REQUIRED ACTION: Each entry below should be echoed exactly, with pictures omitted.

[RECORDS TO USE — start]

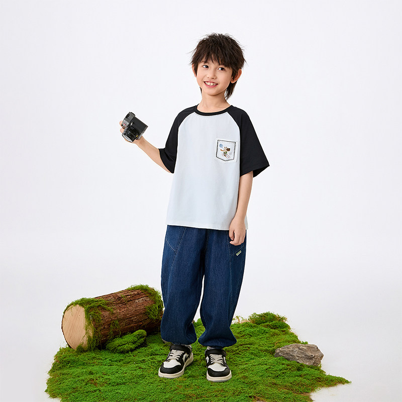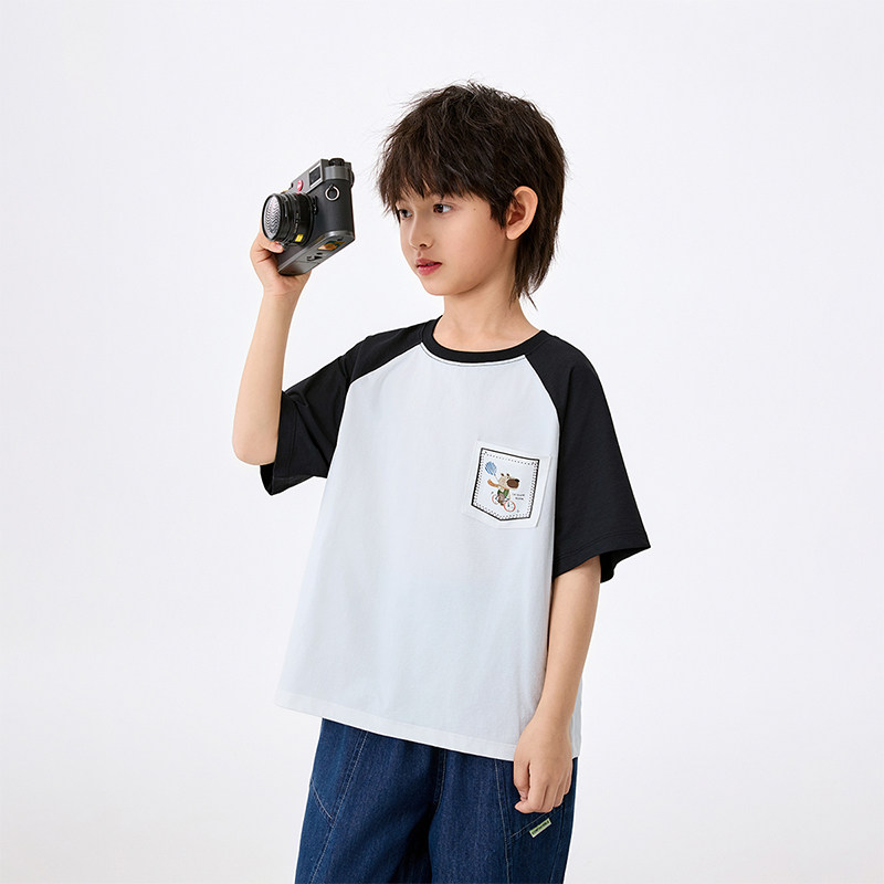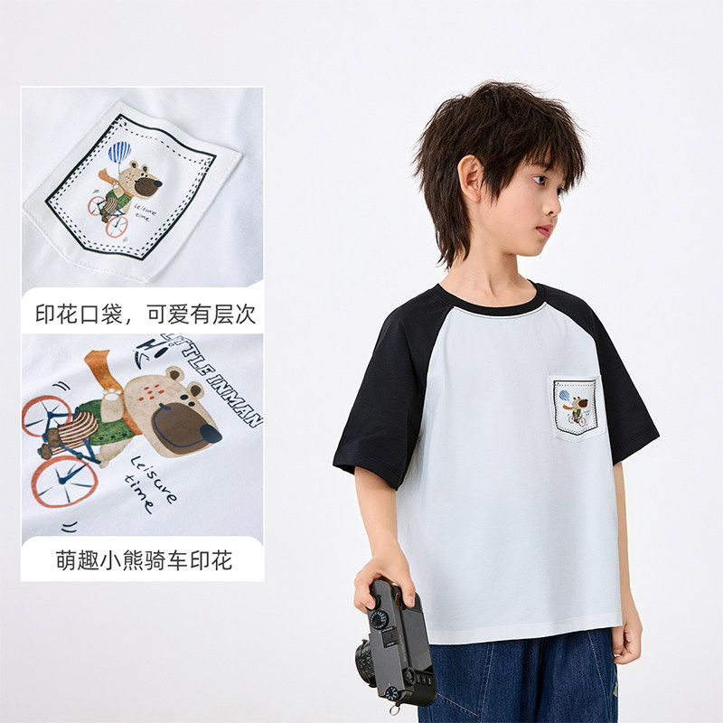 茵曼男童速干短袖t恤小熊汽车印花2025夏季中大童撞色插肩袖上衣
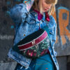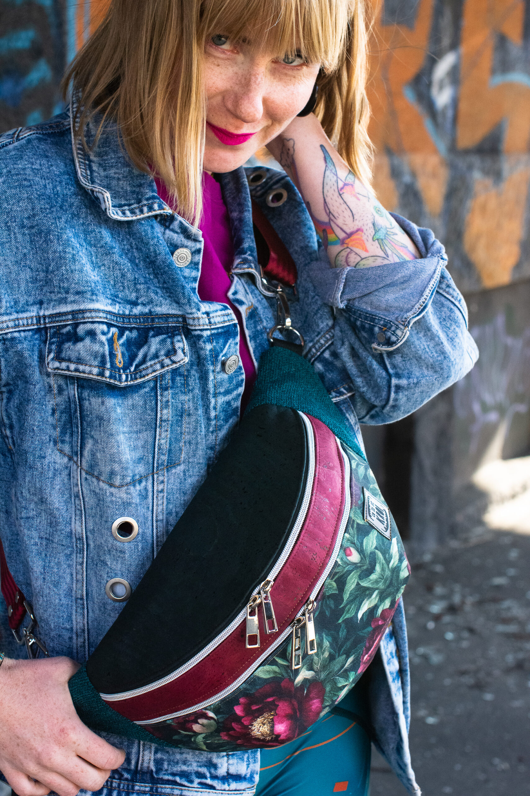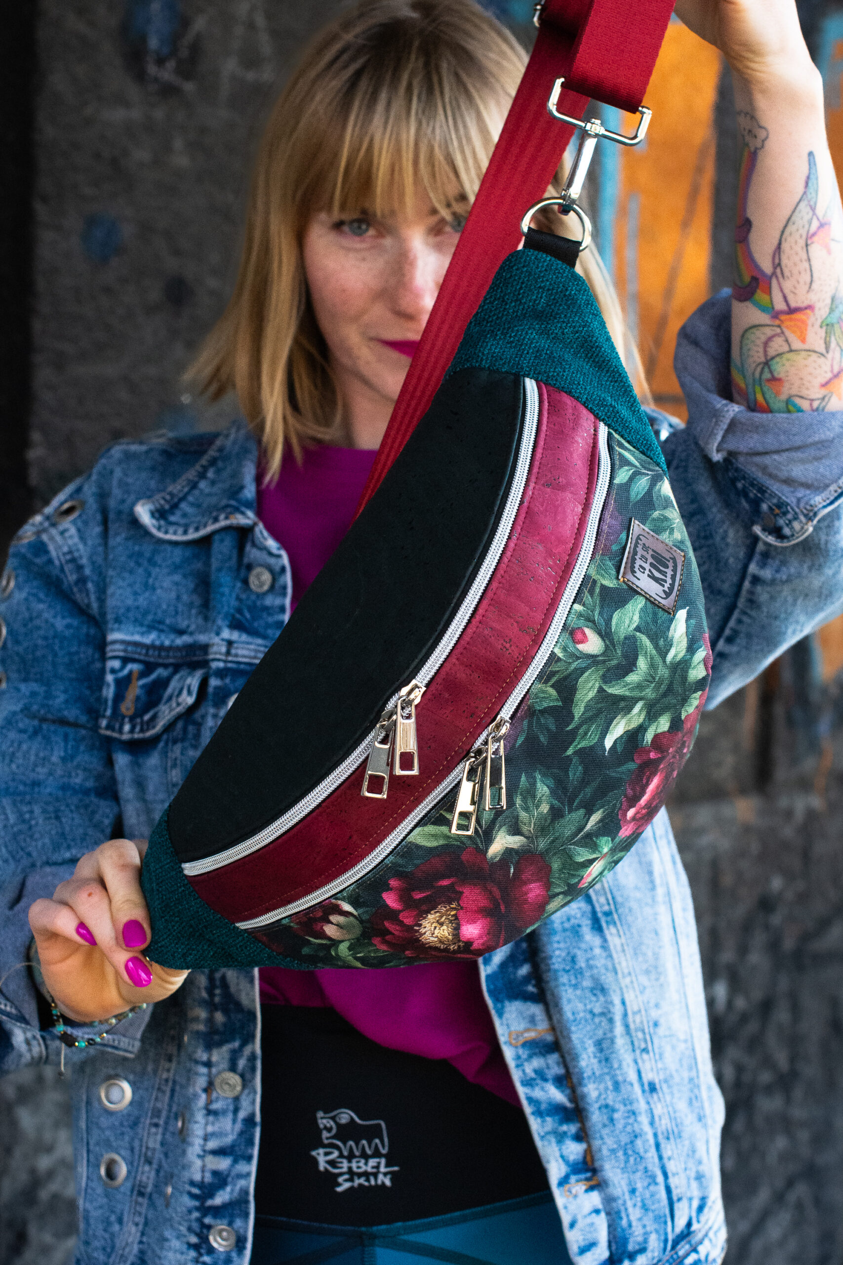 MATERIAŁ: drukowana gabardyna, tkanina tapicerska, tkanina korkowa, kolorowa podszewka z kieszonką na suwak, ozdobny, kolorowy pasek 38 mm
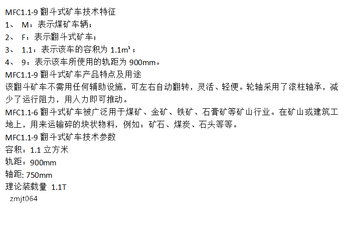 型号 | MFC1.1-9翻斗式矿车 | ||
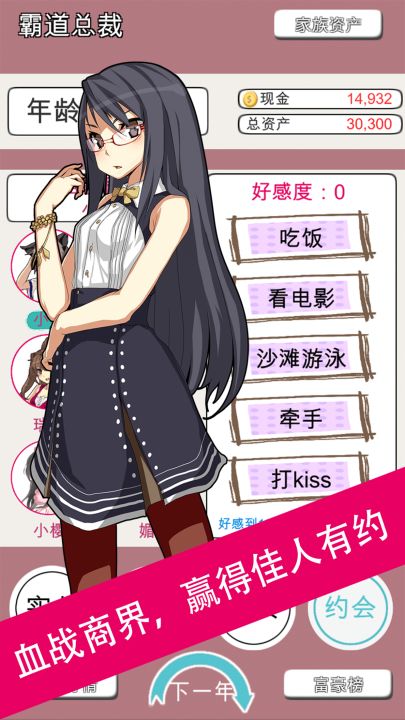 在商海沉浮中感受游戏与交友的乐趣!偶尔还能外出约会或者旅游,去邂逅美女帅哥,解锁意想不到的剧情!在游戏中你不仅能体验到建厂经营、培养人才的创业演练,以及投资合作、谈判收购的商战比拼;更有各色都市丽人为你打工,俏秘书助力你的总裁人生。快来实现你的总裁梦,指尖纵横肆意人生!
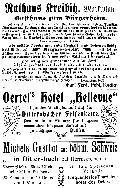 Oben beim Dittersbacher Grieselkreuz gibt es Wegweiser in den Gerstgrund, über die Hinschke zu den Eisengruben und ins Scholzental, sowie nach Dittersbach. Letzteres Pfarrdorf, das auf ein hohes Alter zurückblickt, gegenwärtig 110 Häuser zählt, vom Bielebache und der Herrnskretschen-Kreibitzer Straße durchzogen wird, ist Sitz einer Gebirgsvereinssektion mit Studentenherberge und seit vielen Jahrzehnten eine besuchte Sommerfrische, sowie ein Hauptknotenpunkt der böhmischen Schweiz. Es liegt 15 Min., das aussichtsreiche Hotel Bellevue nur 10 Min. entfernt, so daß ein Abstecher dahin nicht zu viel Zeit in Anspruch nimmt. Dasselbe gilt vom Donsberge, einer 323 m hohen Basaltkuppe, nahe vor uns geradeaus an der Straße; er ist seit 1883 vom Gebirgsverein auf Spazierwegen zugänglich gemacht und gewährt von der 1885 errichteten Aussichtsgallerie einen hübschen Blick auf Dittersbach und seine vielbesuchten, merkwürdigen Felsgebilde (Falkenstein, Marienfelsen, Wilhelminenwand, Rudolfstein, Katzenkirche), die es umkränzen.
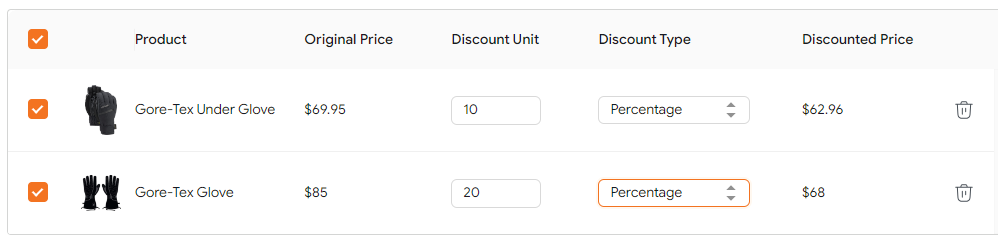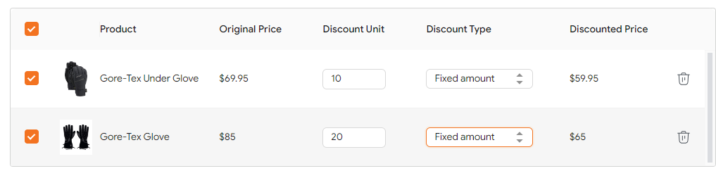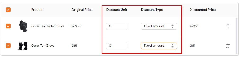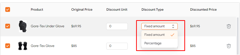 - There are 2 discount types: fixed amount and percentage
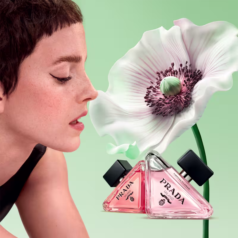 O Perfume Paradoxe Virtual Flower, da Prada, foi desenvolvido com o auxílio da Inteligência Artificial, a fragrância apresenta o acorde exclusivo de Jasmim IA, criado para reproduzir com precisão a sensação do jasmim desabrochando na natureza. O resultado é uma assinatura olfativa inovadora e envolvente, que traduz o frescor de uma flor real através de uma construção virtual. Nas notas de topo, a essência de bergamota italiana traz uma energia cintilante e moderna. No coração, o Jasmim IA e o neroli revelam uma floralidade luminosa e futurista. Nas notas de fundo, o almíscar e a ambreta criam um véu confortável, suave e elegante, como uma segunda pele. O frasco reflete o símbolo mais icônico da Prada: o triângulo. Inclinado e imponente, o design disruptivo combina o tom rosa-claro da fragrância com o preto do brasão da marca, expressando o equilíbrio entre feminilidade e modernidade. No topo, o nome “Virtual Flower” gravado no chanfrado superior reforça a estética contemporânea e tecnológica que define esta criação.

[RECORDS TO USE — finish]

REPLY:
 茵曼男童速干短袖t恤小熊汽车印花2025夏季中大童撞色插肩袖上衣
 MATERIAŁ: drukowana gabardyna, tkanina tapicerska, tkanina korkowa, kolorowa podszewka z kieszonką na suwak, ozdobny, kolorowy pasek 38 mm
 型号 | MFC1.1-9翻斗式矿车 | ||
 在商海沉浮中感受游戏与交友的乐趣!偶尔还能外出约会或者旅游,去邂逅美女帅哥,解锁意想不到的剧情!在游戏中你不仅能体验到建厂经营、培养人才的创业演练,以及投资合作、谈判收购的商战比拼;更有各色都市丽人为你打工,俏秘书助力你的总裁人生。快来实现你的总裁梦,指尖纵横肆意人生!
 Oben beim Dittersbacher Grieselkreuz gibt es Wegweiser in den Gerstgrund, über die Hinschke zu den Eisengruben und ins Scholzental, sowie nach Dittersbach. Letzteres Pfarrdorf, das auf ein hohes Alter zurückblickt, gegenwärtig 110 Häuser zählt, vom Bielebache und der Herrnskretschen-Kreibitzer Straße durchzogen wird, ist Sitz einer Gebirgsvereinssektion mit Studentenherberge und seit vielen Jahrzehnten eine besuchte Sommerfrische, sowie ein Hauptknotenpunkt der böhmischen Schweiz. Es liegt 15 Min., das aussichtsreiche Hotel Bellevue nur 10 Min. entfernt, so daß ein Abstecher dahin nicht zu viel Zeit in Anspruch nimmt. Dasselbe gilt vom Donsberge, einer 323 m hohen Basaltkuppe, nahe vor uns geradeaus an der Straße; er ist seit 1883 vom Gebirgsverein auf Spazierwegen zugänglich gemacht und gewährt von der 1885 errichteten Aussichtsgallerie einen hübschen Blick auf Dittersbach und seine vielbesuchten, merkwürdigen Felsgebilde (Falkenstein, Marienfelsen, Wilhelminenwand, Rudolfstein, Katzenkirche), die es umkränzen.
 - There are 2 discount types: fixed amount and percentage
 O Perfume Paradoxe Virtual Flower, da Prada, foi desenvolvido com o auxílio da Inteligência Artificial, a fragrância apresenta o acorde exclusivo de Jasmim IA, criado para reproduzir com precisão a sensação do jasmim desabrochando na natureza. O resultado é uma assinatura olfativa inovadora e envolvente, que traduz o frescor de uma flor real através de uma construção virtual. Nas notas de topo, a essência de bergamota italiana traz uma energia cintilante e moderna. No coração, o Jasmim IA e o neroli revelam uma floralidade luminosa e futurista. Nas notas de fundo, o almíscar e a ambreta criam um véu confortável, suave e elegante, como uma segunda pele. O frasco reflete o símbolo mais icônico da Prada: o triângulo. Inclinado e imponente, o design disruptivo combina o tom rosa-claro da fragrância com o preto do brasão da marca, expressando o equilíbrio entre feminilidade e modernidade. No topo, o nome “Virtual Flower” gravado no chanfrado superior reforça a estética contemporânea e tecnológica que define esta criação.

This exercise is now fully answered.